WORK TASK
Starting with the line that holds "商品名称:欧冠 2022新款水洗真丝盛夏系列四件套 墨绿+姜黄", reproduce each line through the last one of the data, exactly as written. Pictures are not copied.

SOURCE DATA
• • • •
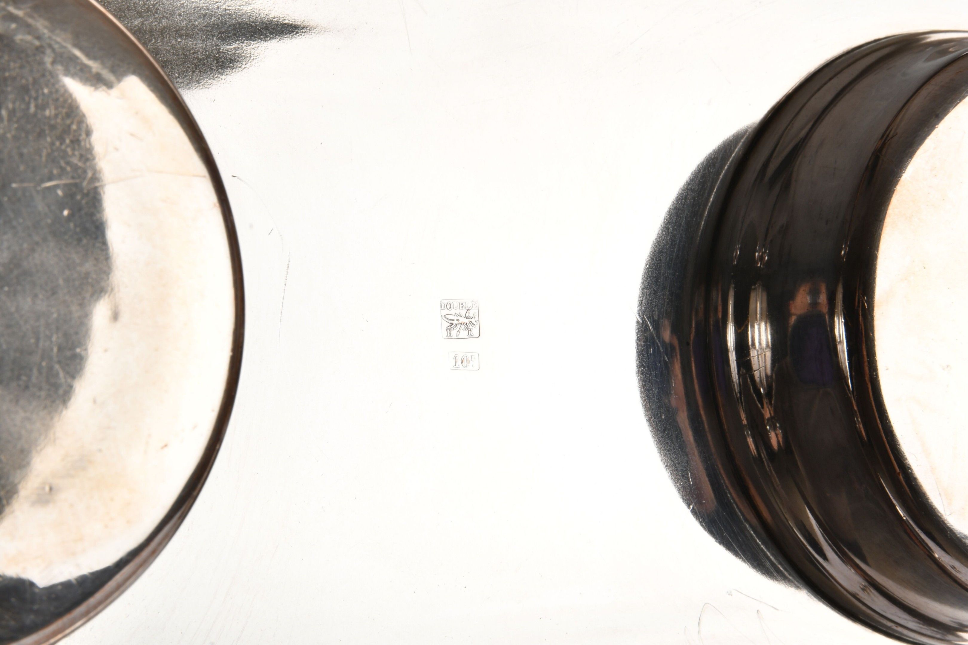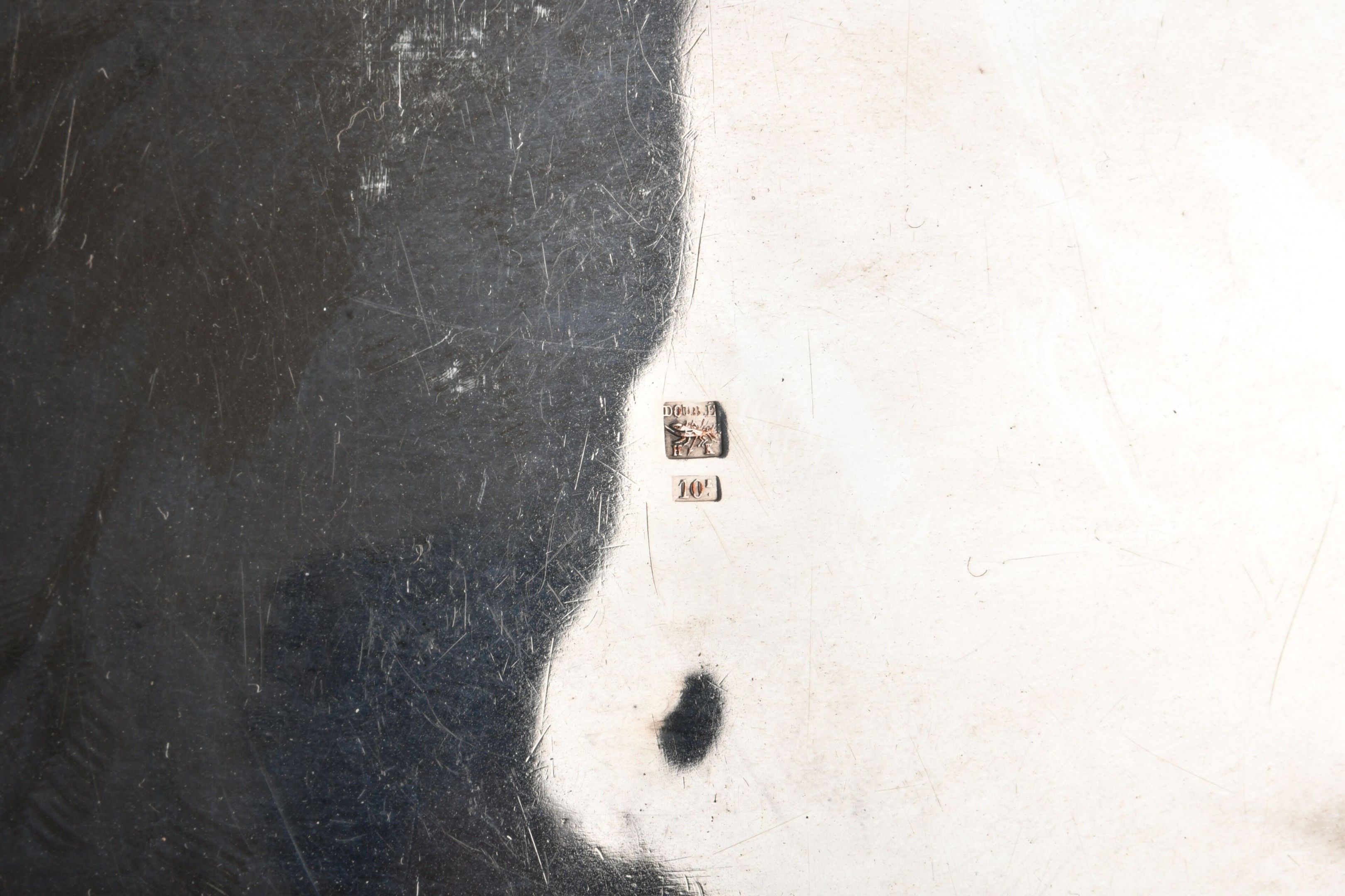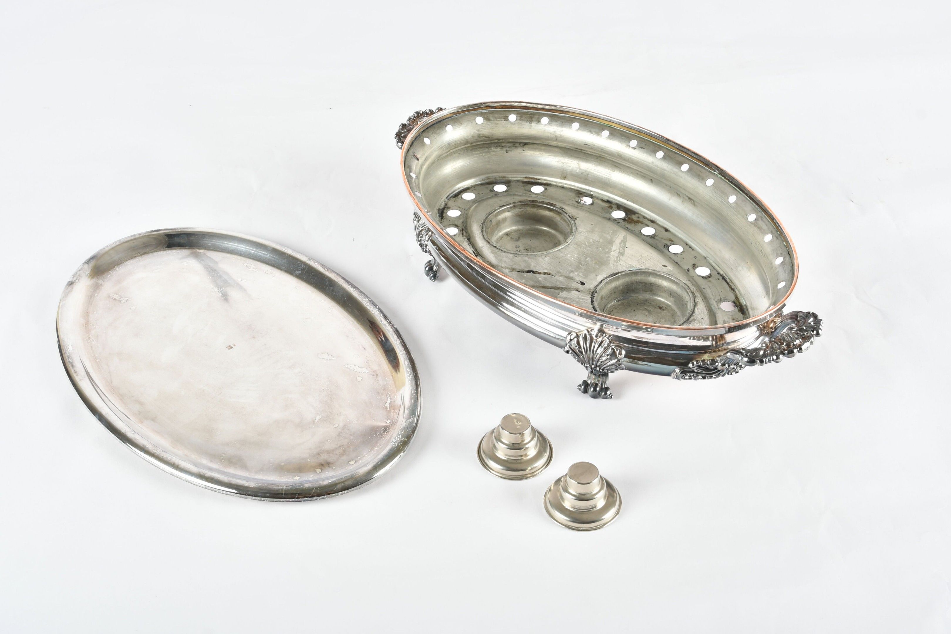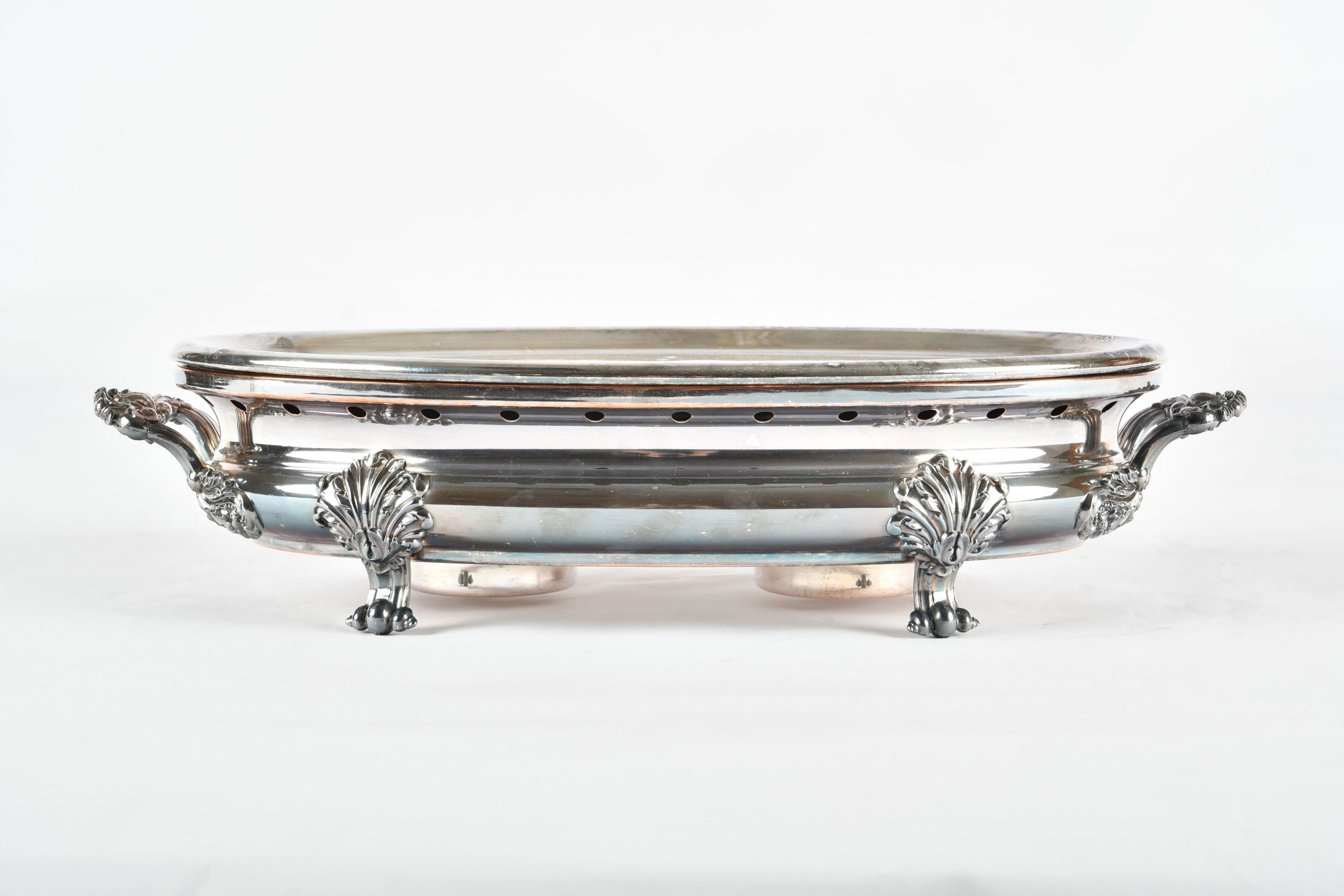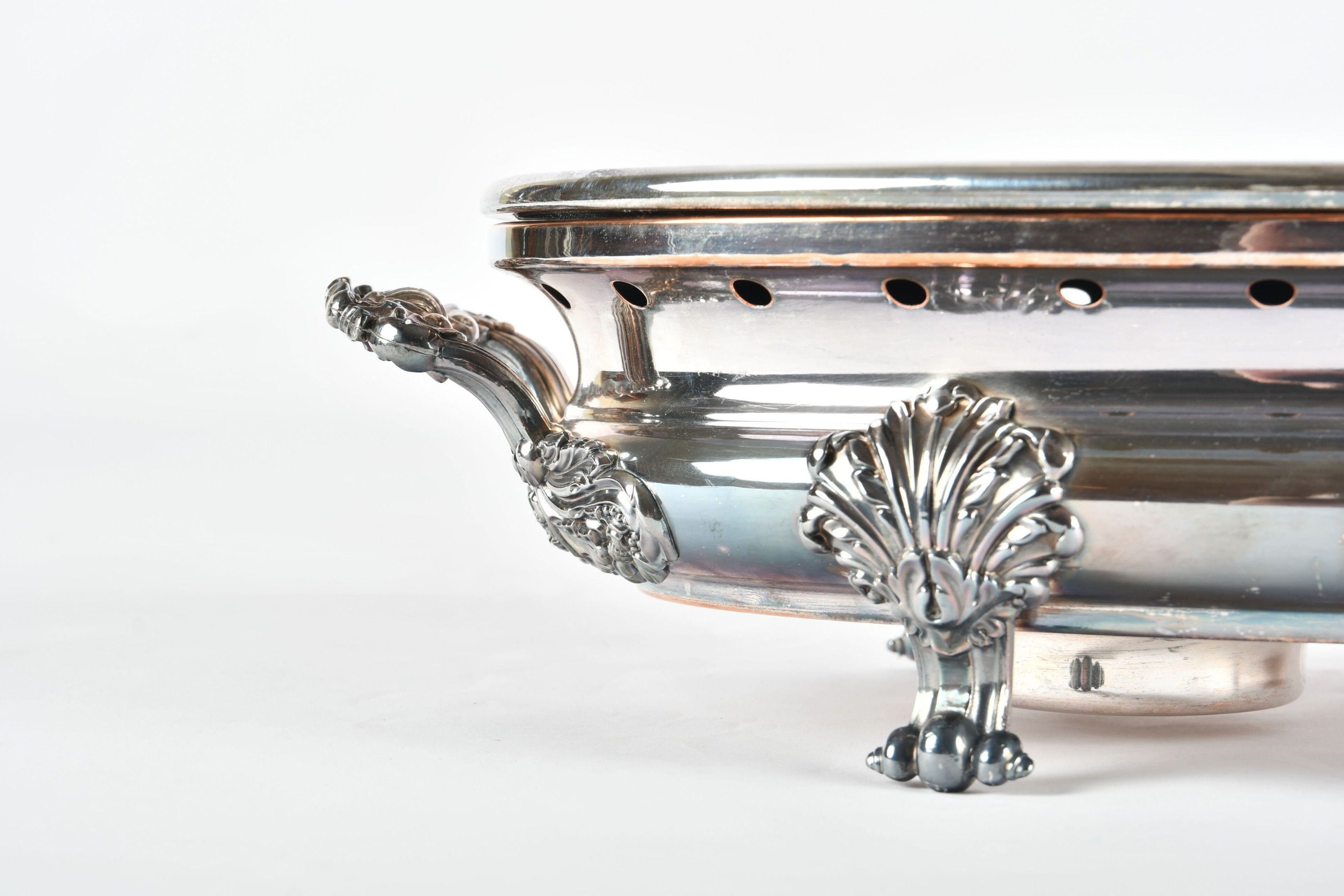 A silver-lined metal TABLE HEATER with handles standing on four legs 19th century. L. 48 cm
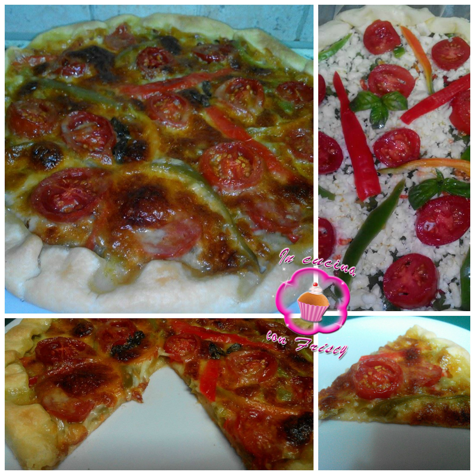 Preparare la sfoglia di brisée e stenderla a cerchio con un diametro di circa 30 cm. Foderare con carta da forno una teglia rotonda da 28 cm e mettere la sfoglia. Riscaldare il forno a 180 °C. Tagliare a pezzetti i peperoni lasciando da parte qualche losanga per guarnire e tritare gli altri fino ad ottenere dei pezzettoni. Scolare l'eventuale acqua e distribuire sulla sfoglia. Tritare la mozzarella e distribuirla sui peperoni. Mettere sulla mozzarella i pomodorini tagliati a fette spesse. Guarnire con foglie di basilico e le losanghe tenute da parte. Salare e irrorare con l'olio. Infornare a 180 °C per 40-45 minuti circa.
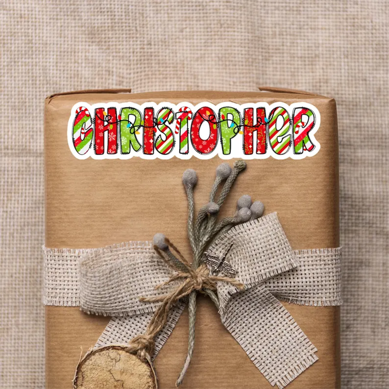 Make your holidays brighter with a personalized Christmas name sticker. Perfect for labeling gifts, cards, and stockings, and more!
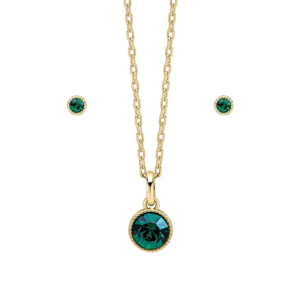 Laura Ashley Stippled Green Crystal Pendant And Earring Set - J4314
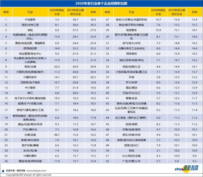 2020年各行业单个企业招聘职位数。智联招聘供图。
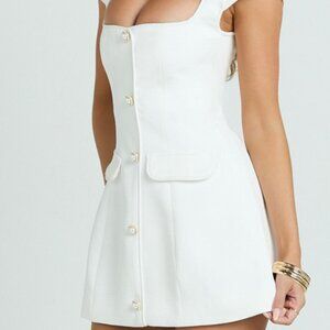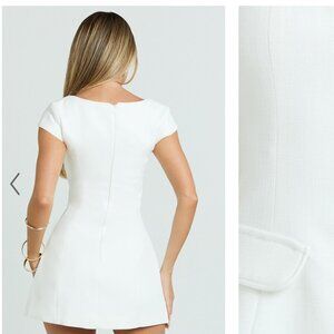 NWOT size 10 Patsy Mini Dress - Boucle Cap Sleeve Button Front Fitted Dress in White Elevate your wardrobe with the Patsy Mini Dress - a figure-flattering marvel that redefines chic simplicity. Perfectly tailored for the modern woman, this white fitted dress is a testament to timeless style and sophistication. Crafted from luxurious boucle polyester, it promises not just comfort but also durability, making it a staple piece you'll reach for time and time again. Product Details: Zips, Buttons Pockets Inner Lining Fitted dresses Boucle fabric Square neckline Party day wear Mini length Short sleeve Polyester material Size and Fit Size S / 8 length: 77cm / 30.31in Material and Care Lining: 100% Polyester Main Fabric: 95% Polyester, 5% Spandex Low Stretch
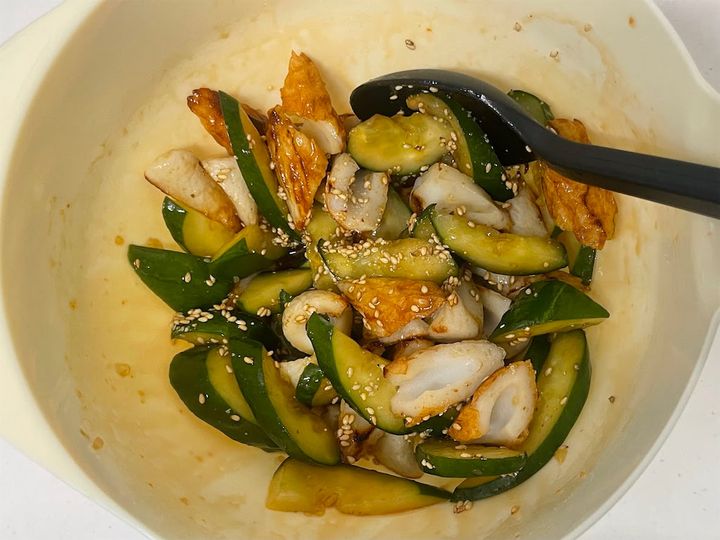ちくわの弾力と旬のきゅうりのシャキシャキ感が絶妙ですね!
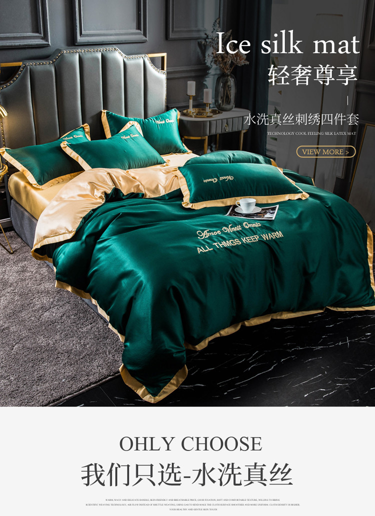 商品名称:欧冠 2022新款水洗真丝盛夏系列四件套 墨绿+姜黄
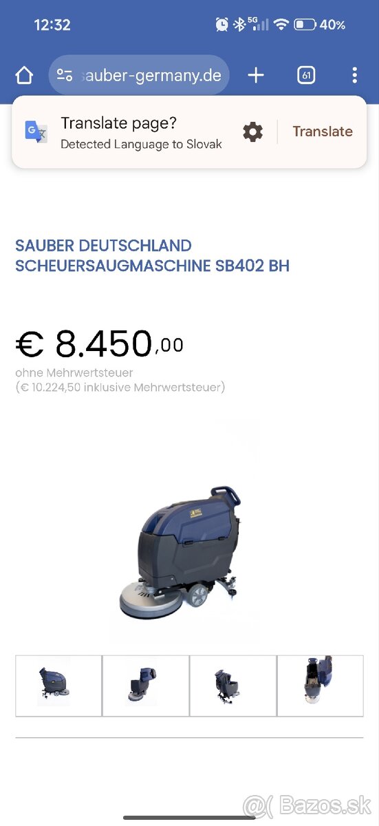 Predám úplne nový, nikdy nepoužitý profesionálny podlahový čistiaci stroj Sauber Deutschland SB402 BH. Ide o výkonný batériový stroj vhodný do hál, dielní, garáží alebo hotelov.
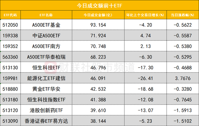从成交额前十的ETF来看,A500ETF基金(512050)成交额位居首位,中证A500ETF(159338)成交额位居次席。
• • • •
THE COMPLETED TASK
 商品名称:欧冠 2022新款水洗真丝盛夏系列四件套 墨绿+姜黄
 Predám úplne nový, nikdy nepoužitý profesionálny podlahový čistiaci stroj Sauber Deutschland SB402 BH. Ide o výkonný batériový stroj vhodný do hál, dielní, garáží alebo hotelov.
从成交额前十的ETF来看,A500ETF基金(512050)成交额位居首位,中证A500ETF(159338)成交额位居次席。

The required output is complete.